I believe the employees are only paid $15 an hour.

------
ageofwant
I'm wondering if this trend to pay for limited use, or "human micro-services"
is good for society. Soon I'll have to bid for work as a developer and will
have no idea if I'll be able to eat today or sleep under a roof. God help me
if I'm sick.

Progress and efficiency is great, but I wonder if we (you and I, common devs)
are digging our own graves.

------
HorizonXP
So I haven't used Magic in a while. I'll probably start using it again now.

Last time, I used it as follows:

1) Lunch for my cofounder and I at demo day since we had dietary restrictions.
Worked perfectly.

2) went drinking with everyone after demo day, and we drove. Didn't plan out
who was DD. Magic sent us a driver to drive us home in our car. Was one of the
Magic founders' sister.

3) Had flowers sent to my wife, just to let her know I was thinking of her
while I was away. Said they were the best flowers she had ever got, and got
lots of compliments from family and friends.

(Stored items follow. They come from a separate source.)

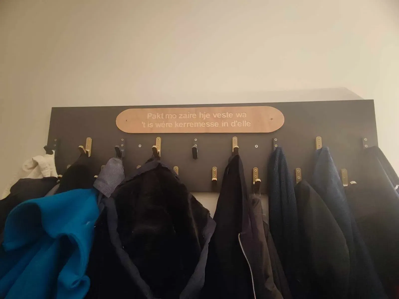 Tôi muốn làm một cái móc treo quần áo của riêng mình để sử dụng trong hành lang. Tôi đã sử dụng một máy CNC để làm phần chữ multiplex và vặn tất cả lại với nhau trên một cái kệ cũ.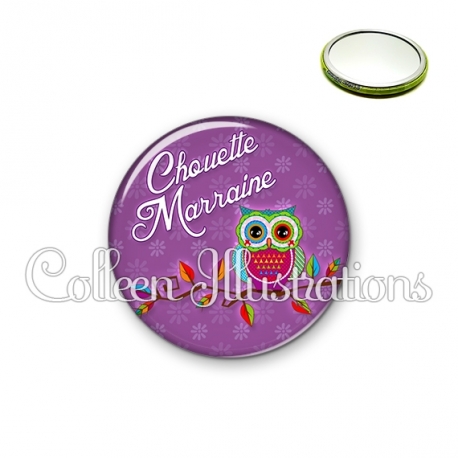 Miroir simple avec dos métallique décoré d'une image fantaisie et texte.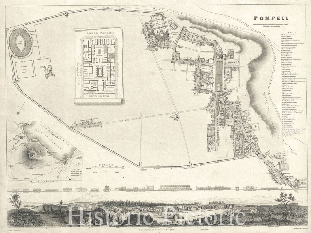 Historic Map : Plan of Pompeii, Italy, S.D.U.K., 1832, Vintage Wall Art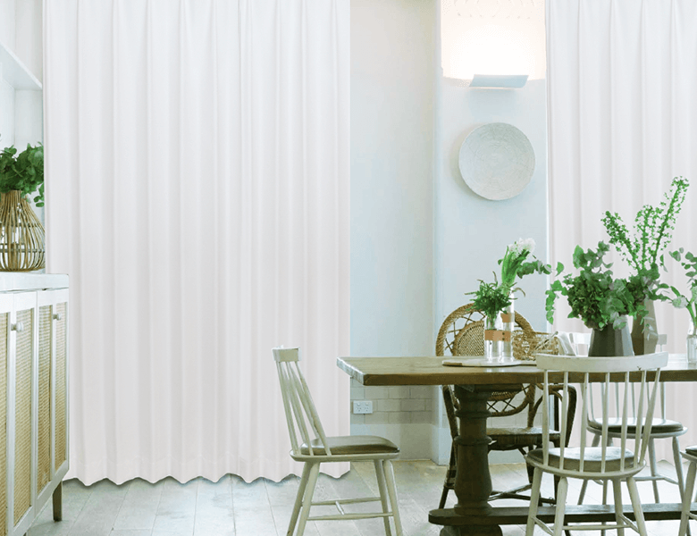 多くのドレープは生地が厚く、透けにくいようにできているので、閉じると目隠しにもなりますが、室内からも室外が見えないことや部屋が暗くなるといった問題もあります。
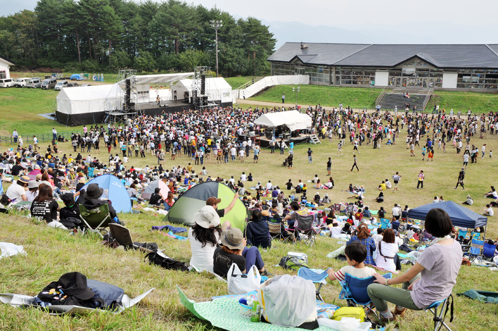 テントを張ったり、斜面に座ったりと、思い思いにイベントを楽しむ来場者ら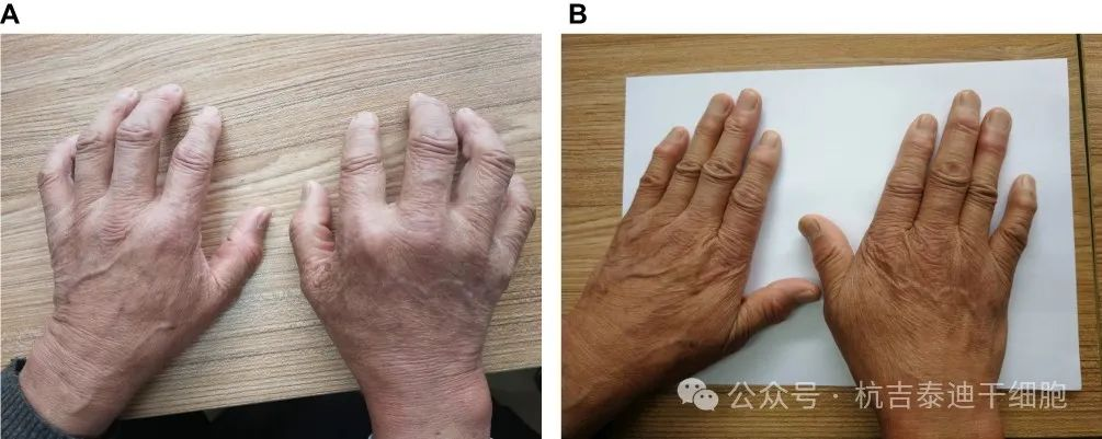 第一位患者是一位68歲的男性,治療前關(guān)節(jié)疼痛、腫脹、變形嚴重,接受UC-MSC治療6個月后癥狀得到緩解,并維持至治療后3年(圖1A)。接受UC-MSC治療3年后,關(guān)節(jié)變形得到恢復(圖1B),疼痛也消失了,并且能夠自由活動和進行一些體育鍛煉。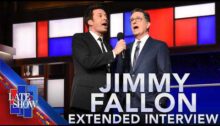 From The Late Show with Stephen Colbert. Strap in and watch as Jimmy Fallon and Stephen Colbert refuse to end their interview at The Late Show and instead take the Ed Sullivan Theater crowd for a wild and hilarious ride that was too long to fit into the CBS broadcast. #Colbert #Comedy #JimmyFallon #FallonTonight #TheTonightShow…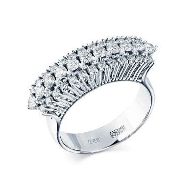 Кольцо с 11 бриллиантами природными, 0.61 карат, огранка круг 57 граней, цвет 3, чистота 5, тип огранки А; 26 бриллиантами природными, 0.47 карат, огранка круг 57 граней, цвет 3, чистота 5, тип огранки А; Белое золото 585 пробы.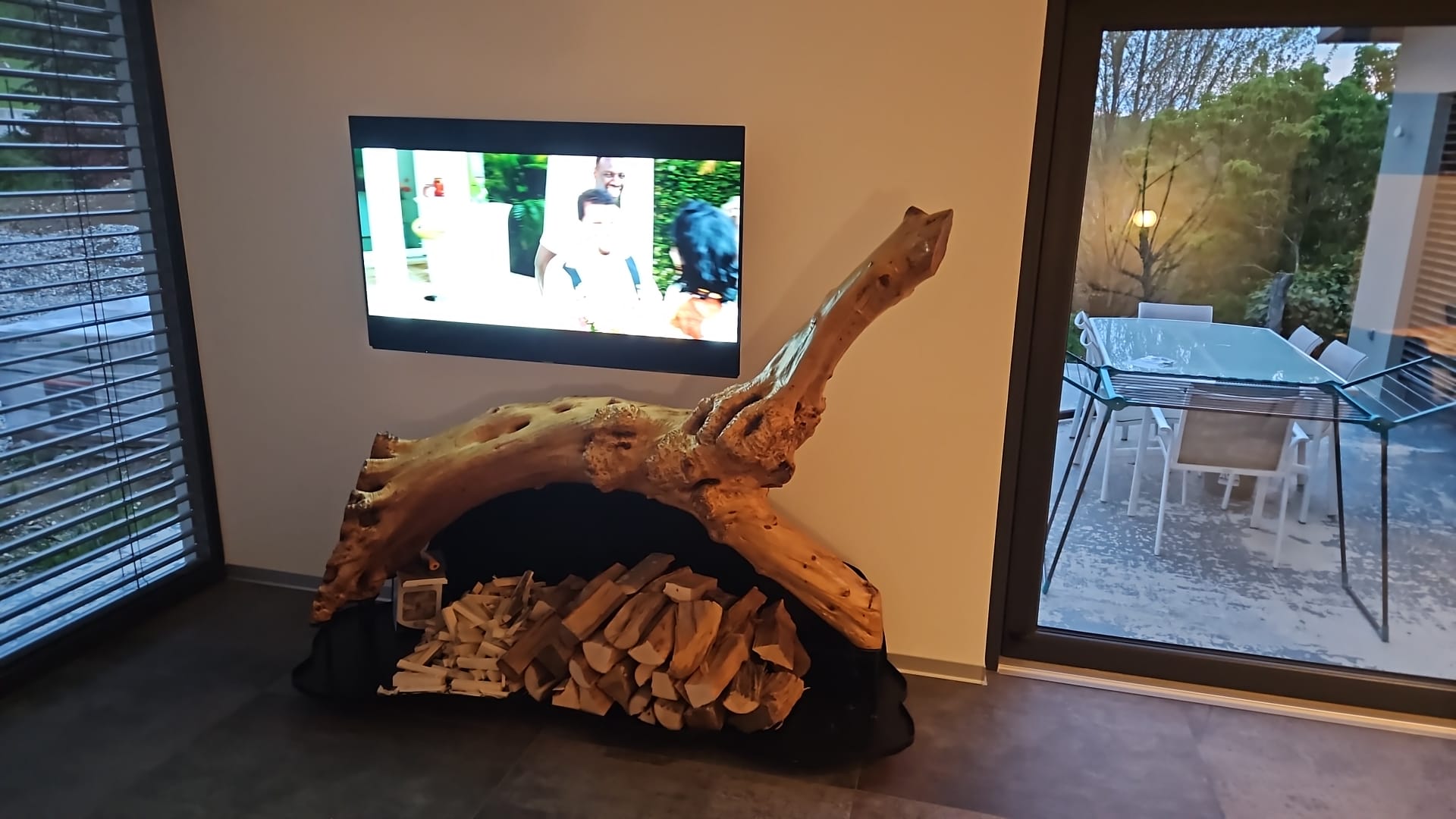 Stahlfuss aus Ketten für Treibholzstamm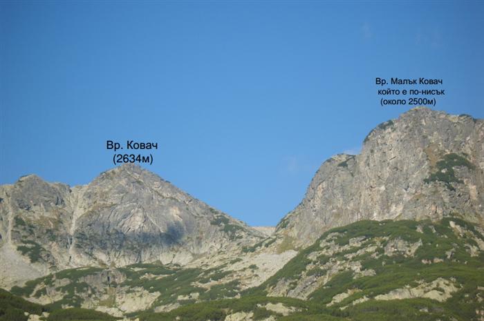 Вр. Ковач (2634 м), вр. Малък Ковач, който е по-нисък (около 2500 м). Изглед на двата върха от югоизток.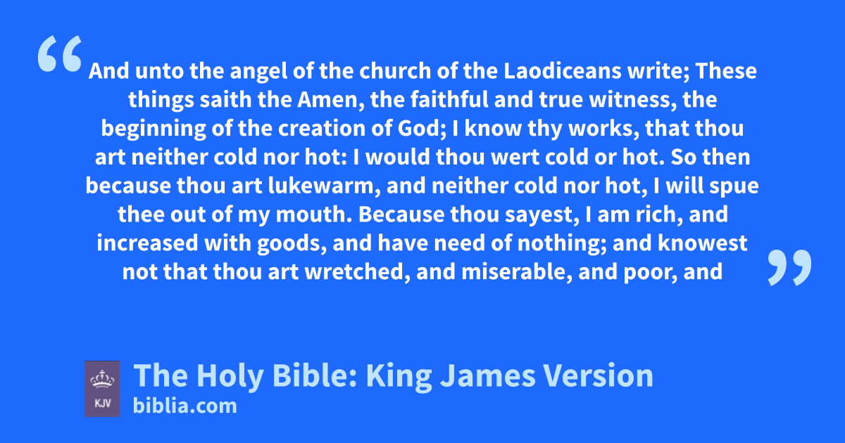 14 And unto the angel of the church of the Laodiceansa write; These things saith the Amen, the faithful and true witness, the beginning of the creation of God; 15 I know thy works, that thou art neither cold nor hot: I would thou wert cold or hot. 16 So then because thou art lukewarm, and neither cold nor hot, I will spue thee out of my mouth. 17 Because thou sayest, I am rich, and increased with goods, and have need of nothing; and knowest not that thou art wretched, and miserable, and poor, and blind, and naked: 18 I counsel thee to buy of me gold tried in the fire, that thou mayest be rich; and white raiment, that thou mayest be clothed, and that the shame of thy nakedness do not appear; and anoint thine eyes with eyesalve, that thou mayest see. 19 As many as I love, I rebuke and chasten: be zealous therefore, and repent. 20 Behold, I stand at the door, and knock: if any man hear my voice, and open the door, I will come in to him, and will sup with him, and he with me. 21 To him that overcometh will I grant to sit with me in my throne, even as I also overcame, and am set down with my Father in his throne. 22 He that hath an ear, let him hear what the Spirit saith unto the churches.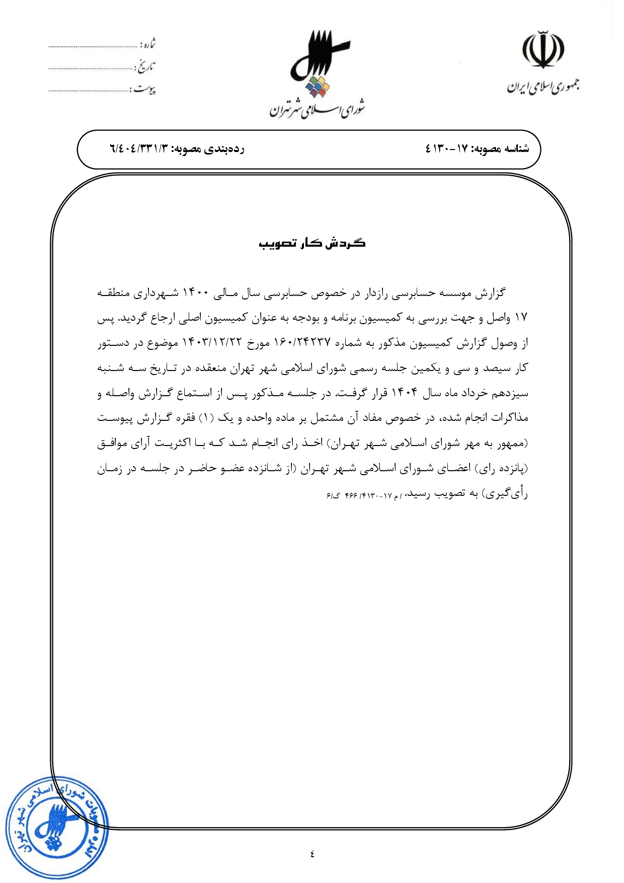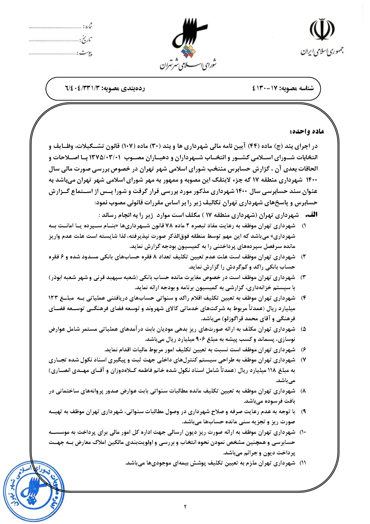 گزارش حسابرسي سال مالي 1400 شهرداري منطقه 17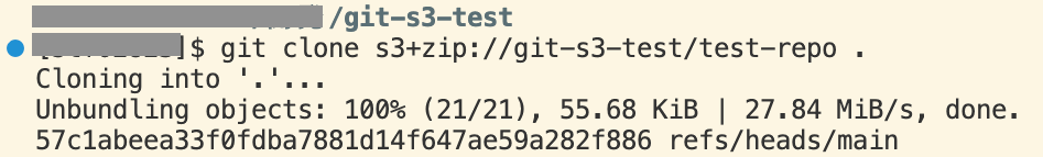 git clone s3+zip://git-s3-test/test-repo無事クローンすることができました。S3がGitリモートリポジトリとして機能していそうです。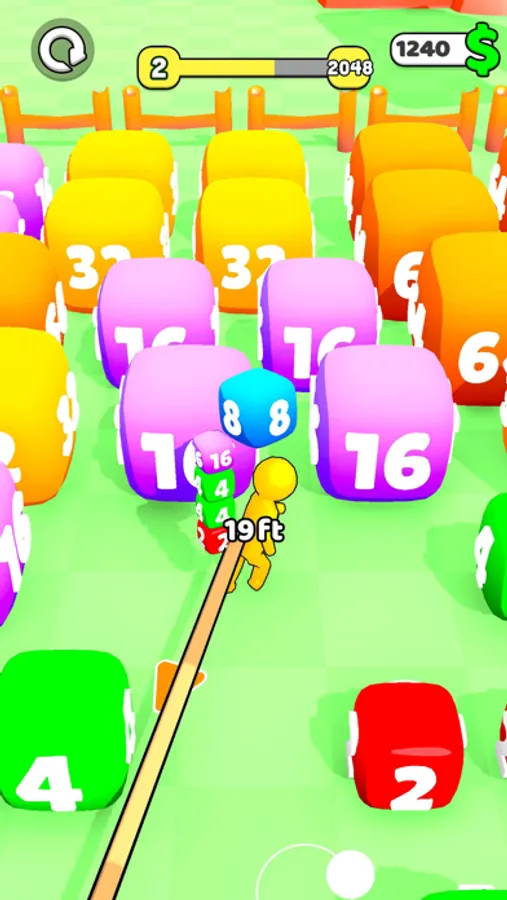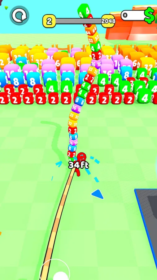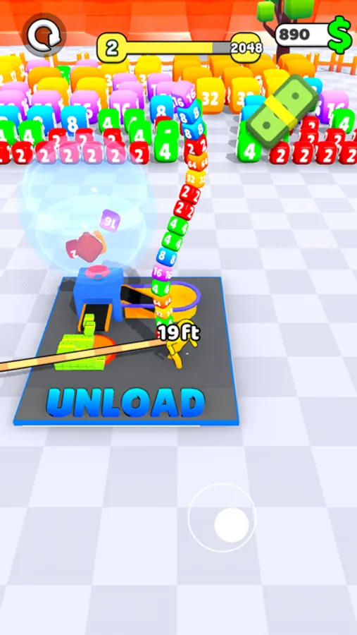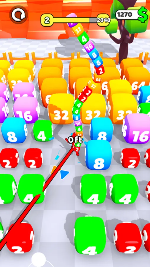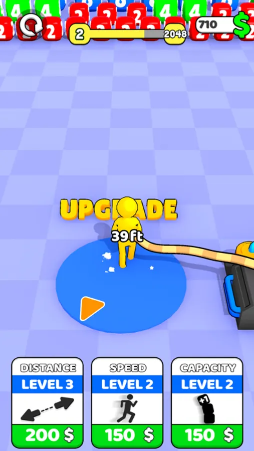 You have to collect all the cubes to reach reach the goal. Upgrade your distance to go further, upgrade your capacity to carry more cubes and upgrade your Speed to collect them faster! Once you reach your goal go to the next arena and Reach higher numbers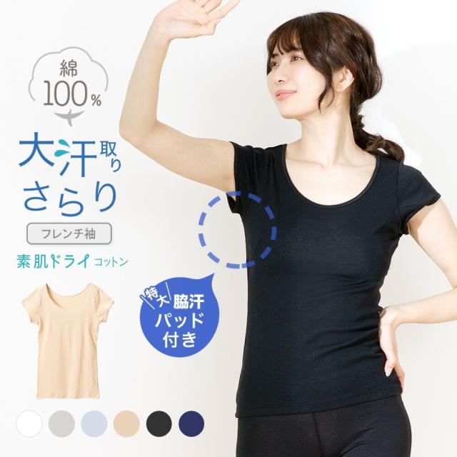 送料無料 綿100% 大汗取り 脇汗 インナー フレンチ袖 インナーシャツ レディース 半袖 汗取り パッド付き 素肌ドライ 春夏 汗染み 防止 汗 対策 半袖 シャツ 綿 汗とり パット付き 吸汗速乾 M9492P-E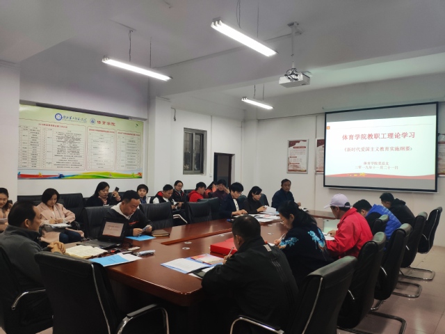 本网讯 (通讯员 向琴英 体育学院十一月份全体教职工大会于11月21日下午13:30在会议召开,会议进行了教职工政治理论学习、近期工作安排与部署。总支书记张绍明主持大会,全体教职工参加会议。

Yesterday, I was just thinking about using Magic to get a bunch of things
done, housekeeping wise within the company. Really timely to see this. I'll be
using them for everything from fixing my glasses, to cleaning up my books, and
more. I'm hoping to have them take care of the mundane things so I can focus
on more important tasks like coding and such.

------
S4M
> Q: What about the purchases that I make through Magic+?

> There is no markup on the purchases you make through Magic+. We find you the
> best deals that we can on every purchase, and we negotiate strongly with
> vendors. Often you will save more money using Magic+ than if you had done
> things yourself.

... I see a conflict of interest there.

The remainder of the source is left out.